Information shown
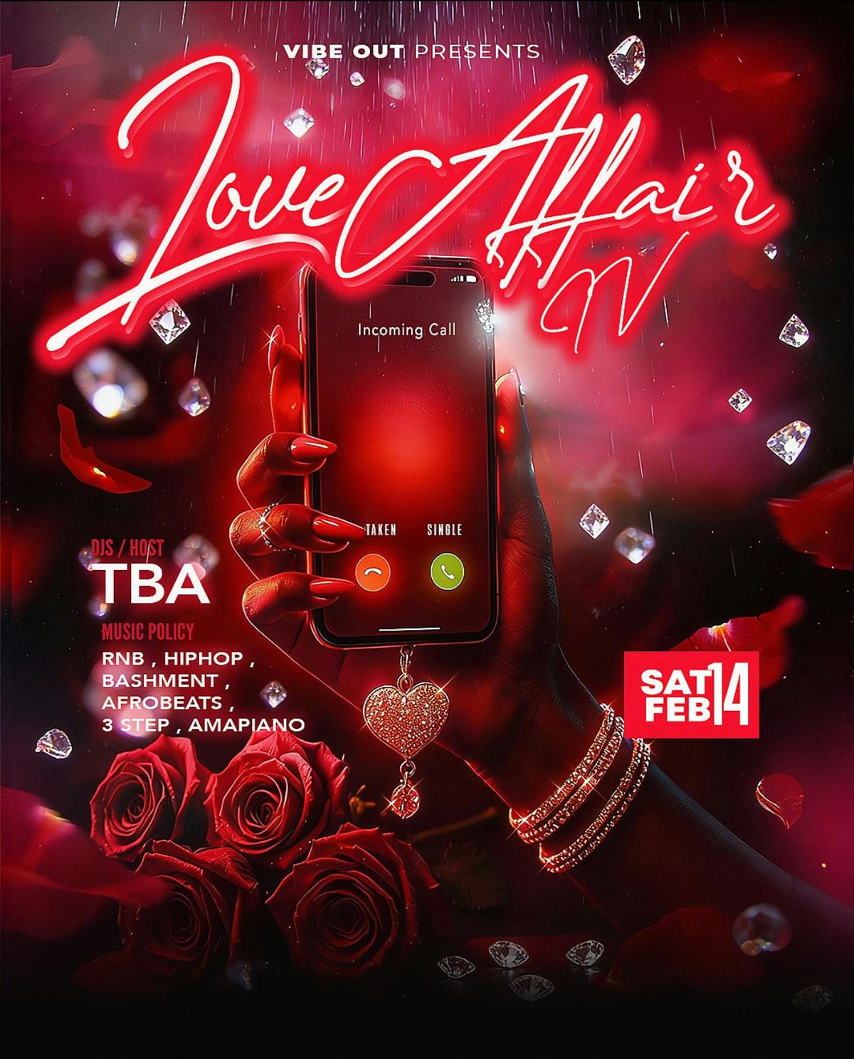 This 14th February 2025, step into a world where desire meets elegance as Vibe Out invites you to experience Love Affair IV in Birmingham.From the moment you arrive, expect high energy, elite vibes, and undeniable chemistry filling the room. This is a night designed for connection, confidence, and movement where the music sets the mood and the dancefloor tells the story.
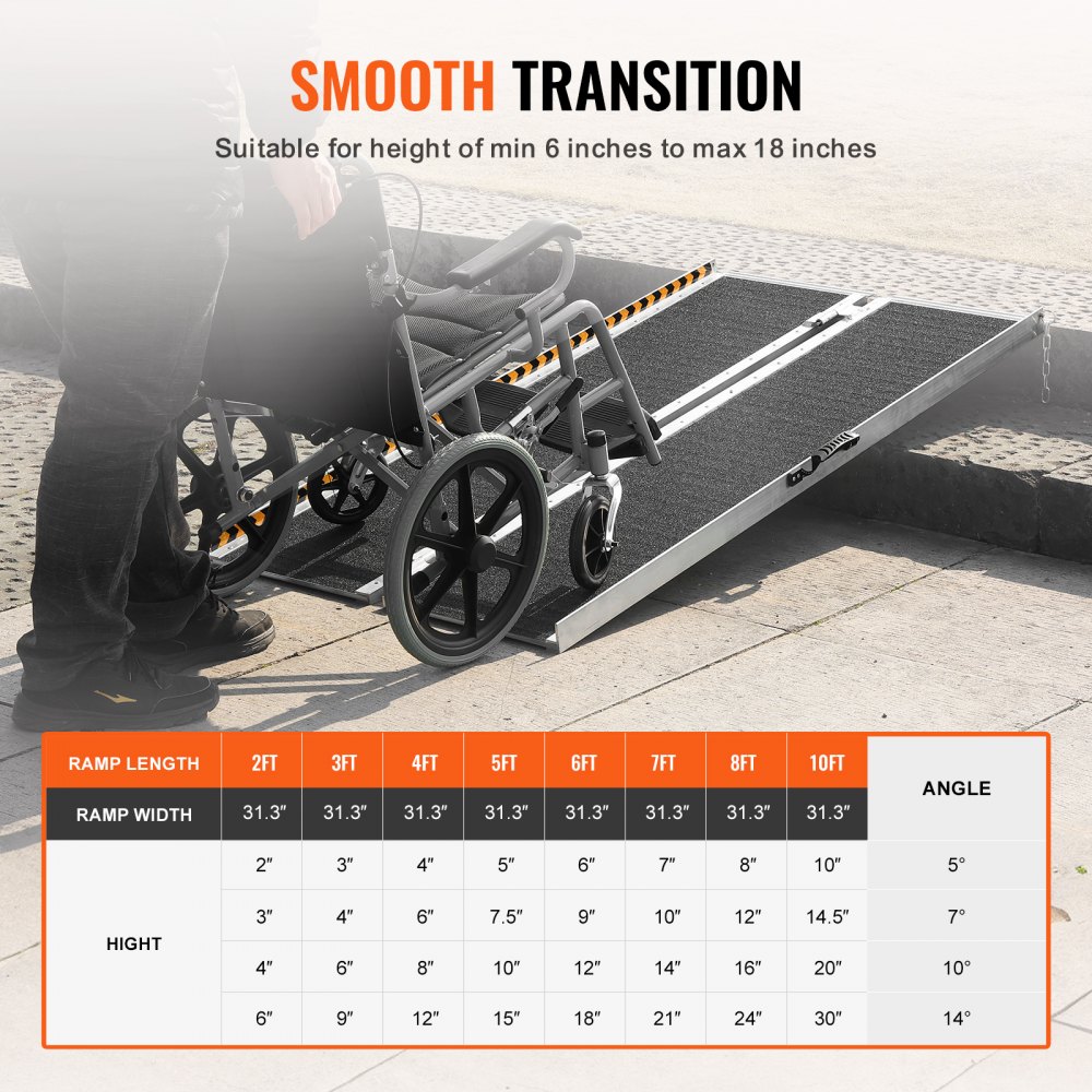 800 libier Vysoká nosnosť: Vďaka pôsobivej nosnosti až 800 libier/363 kg poskytuje naša prenosná rampa pre handicapovaných bezkonkurenčnú stabilitu. Jeho protišmykový povrch zaisťuje trakciu aj v daždivých dňoch alebo na klzkom povrchu a poskytuje vám pokoj a bezpečnosť, nech ste kdekoľvek.
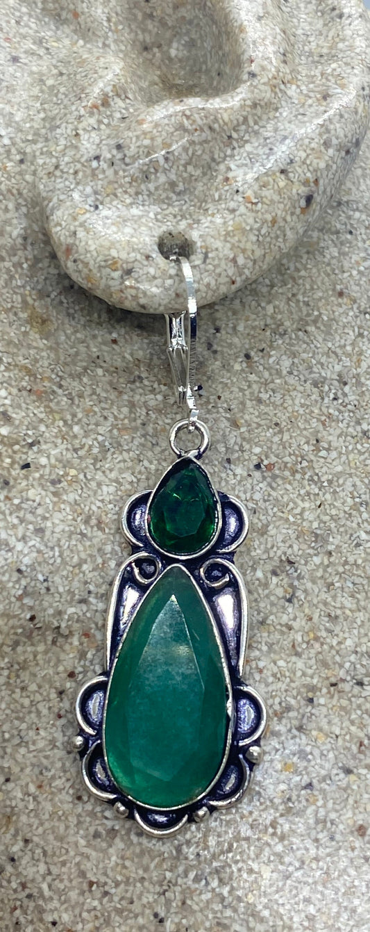 Antique Vintage Green Aventurine Jade Silver Dangle Earrings
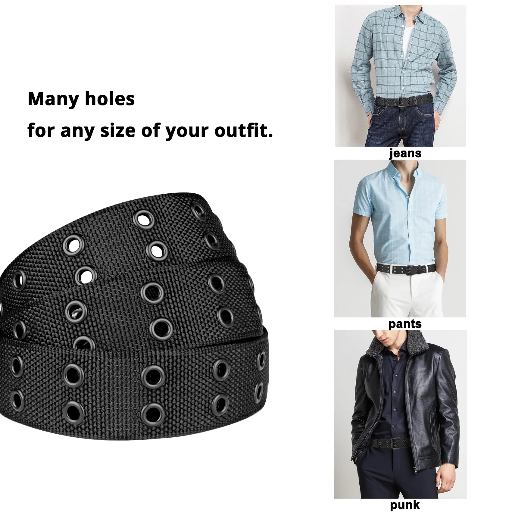 The belt is long and is size adjustable by the many silver metal rivets for each prong.
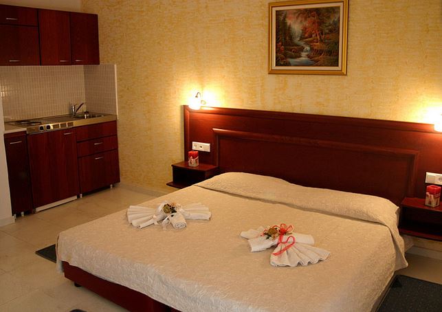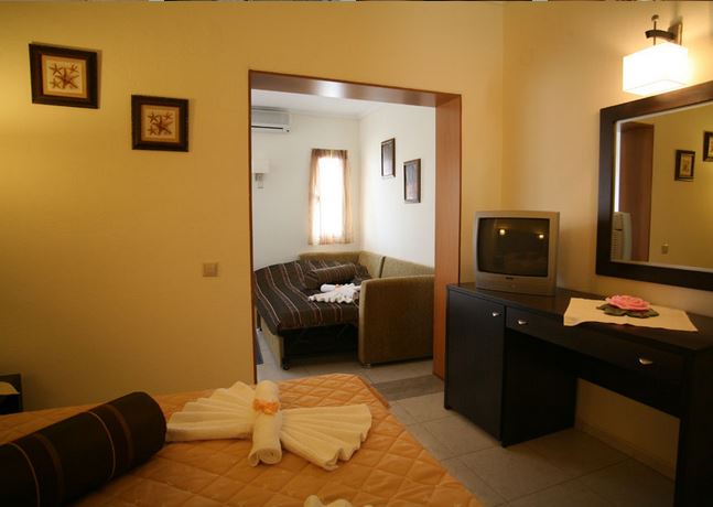 Toate camerele hotelului au chicineta, frigider, TV, aer conditionat, fierbator electric, toaster, seif (contra cost: 2 euro/zi, se achita la receptie), baie cu dus, acces la internet WIFI (contra cost: 2 euro/zi, se achita la receptie). Camerele duble au 21 mp si capacitate maxima de 2 adulti si 1 copil. Camerele Family cu paturi supraetajate au 21 mp si capacitate maxima de 2 adulti si 2 copii. Camerele Superior pentru 3 persoane au 25 mp, un pat dublu si o canapea sau 3 paturi single si un pat pliant, avand capacitatea maxima de 3 adulti si 1 copil. Camerele Sperior pentru 4 persoane au 25 mp, au 2 paturi single si 2 paturi suprapuse si capacitate maxima de 2 adulti si 2 copii sau 3 adulti.
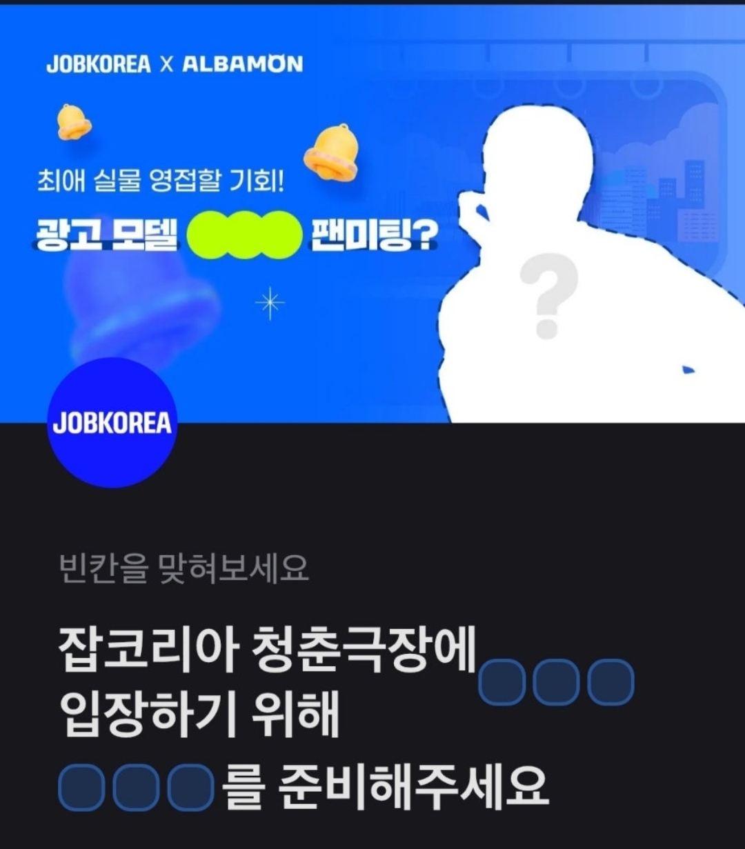 잡코리아 청춘극장에 입장하기 위해 ㄱㅂㄱㅈㅁㅈ를 준비해주세요
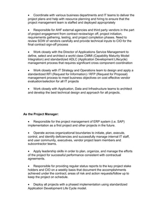 This job posting is for an Associate IT Director of Process & Project Management. The position is responsible for managing IT projects through their entire lifecycle using a standardized methodology. Key responsibilities include overseeing implementation of systems like SAP, managing a program management office, ensuring projects are completed on time and budget, and mentoring a project management team. A Bachelor's degree, 10 years of IT experience including 5 years in project management, PMP certification, and experience managing large implementation projects are required.
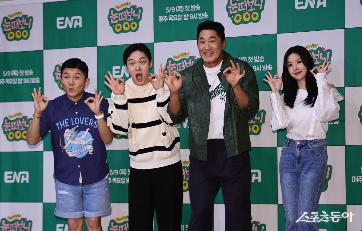 개그맨 조세호, 비투비 이창섭, 방송인 김동현, 가수 권은비가 9일 서울 마포구 서교동 아만티호텔서울에서 열린 ENA 새 예능프로그램 ‘눈떠보니 OOO’ 제작발표회에서 포즈를 취하고 있다.

Task item
Copy the listing above exactly, but only from the line with "Antique Vintage Green" through the line with "잡코리아 청춘극장에 입장하기 위해 ㄱㅂㄱㅈㅁㅈ를 준비해주세요", including those two lines and excluding any picture.

Solved problem
 Antique Vintage Green Aventurine Jade Silver Dangle Earrings
 The belt is long and is size adjustable by the many silver metal rivets for each prong.
 Toate camerele hotelului au chicineta, frigider, TV, aer conditionat, fierbator electric, toaster, seif (contra cost: 2 euro/zi, se achita la receptie), baie cu dus, acces la internet WIFI (contra cost: 2 euro/zi, se achita la receptie). Camerele duble au 21 mp si capacitate maxima de 2 adulti si 1 copil. Camerele Family cu paturi supraetajate au 21 mp si capacitate maxima de 2 adulti si 2 copii. Camerele Superior pentru 3 persoane au 25 mp, un pat dublu si o canapea sau 3 paturi single si un pat pliant, avand capacitatea maxima de 3 adulti si 1 copil. Camerele Sperior pentru 4 persoane au 25 mp, au 2 paturi single si 2 paturi suprapuse si capacitate maxima de 2 adulti si 2 copii sau 3 adulti.
 잡코리아 청춘극장에 입장하기 위해 ㄱㅂㄱㅈㅁㅈ를 준비해주세요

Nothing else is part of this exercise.